Recent reports that Gazprom is negotiating to purchase oligarch Roman Abramovich's 72 percent stake in the Russian oil company Sibneft have renewed speculation about the state's objectives at home and abroad.
The news came amid reports that the state-controlled gas monopoly had successfully obtained a 3 percent stake in Sibneft on the open market, which could bolster the purchase by preventing a rival oil company from a obtaining a 25 percent-plus-one-share blocking stake.
Gazprom is reportedly trying to secure a $10 billion loan to purchase Sibneft, a trivial price for the Kremlin to pay in its apparent quest to convert Gazprom into a unified, vertically structured, gas and oil monopoly and to tighten the state's grip on Russian energy exports.

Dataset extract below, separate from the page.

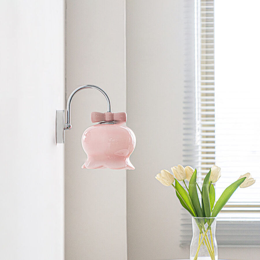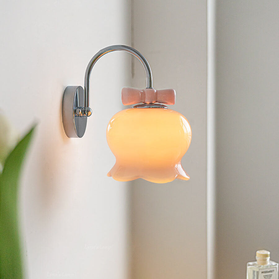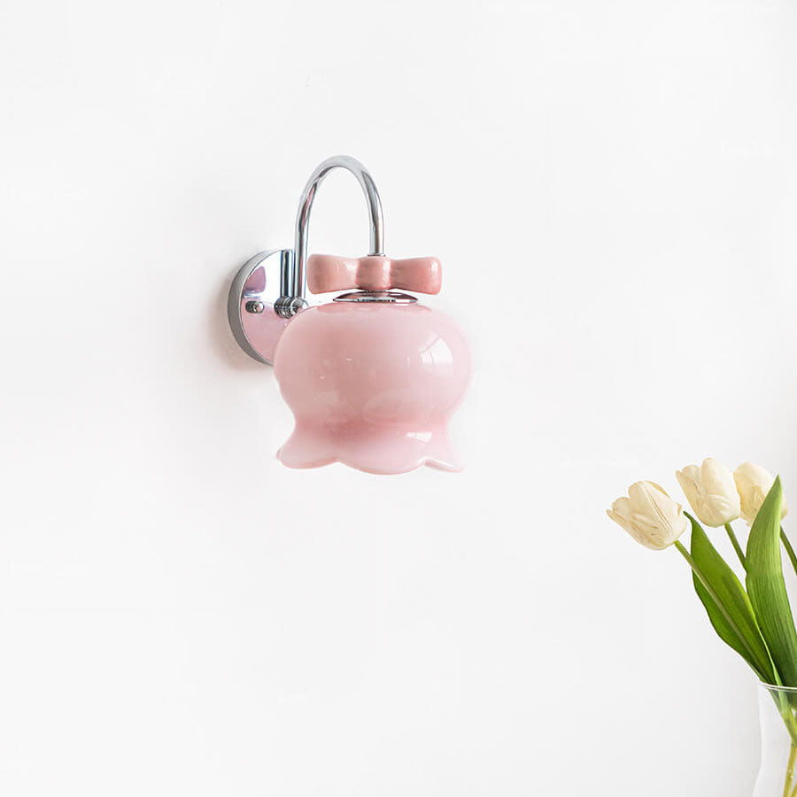 Nordic Creative Bell Orchid Flower Bow Glass Lampshade Iron 1-Light Wall Sconce Lamp

The "Dow Jones Newsletter" of 8 August described the deal as an unusual one: "For the first time in history, a company controlled by the government is going to hand over billions of dollars in cash to an oligarch [Abramovich] who paid a fraction of the true value for the asset in question, and who paid precious little in tax on the income it generated."
Sibneft is the fifth-largest private Russian oil company, with a market capitalization of $16.5 billion, according to "The Moscow Times." Yukos owns a 20 percent stake in Sibneft, leaving a 5 percent stake on the open market -- if Gazprom did indeed successfully garner 3 percent of Sibneft shares in open trading. Rosneft has expressed interest in obtaining Yukos's 20 percent Sibneft stake, which has been frozen, in payment for debts.
RIA-Novosti reported on 27 July that Sibneft owner Abramovich "appears keen to deliver Sibneft to Gazprom," adding that he stands to benefit from a significant pre-sale payoff.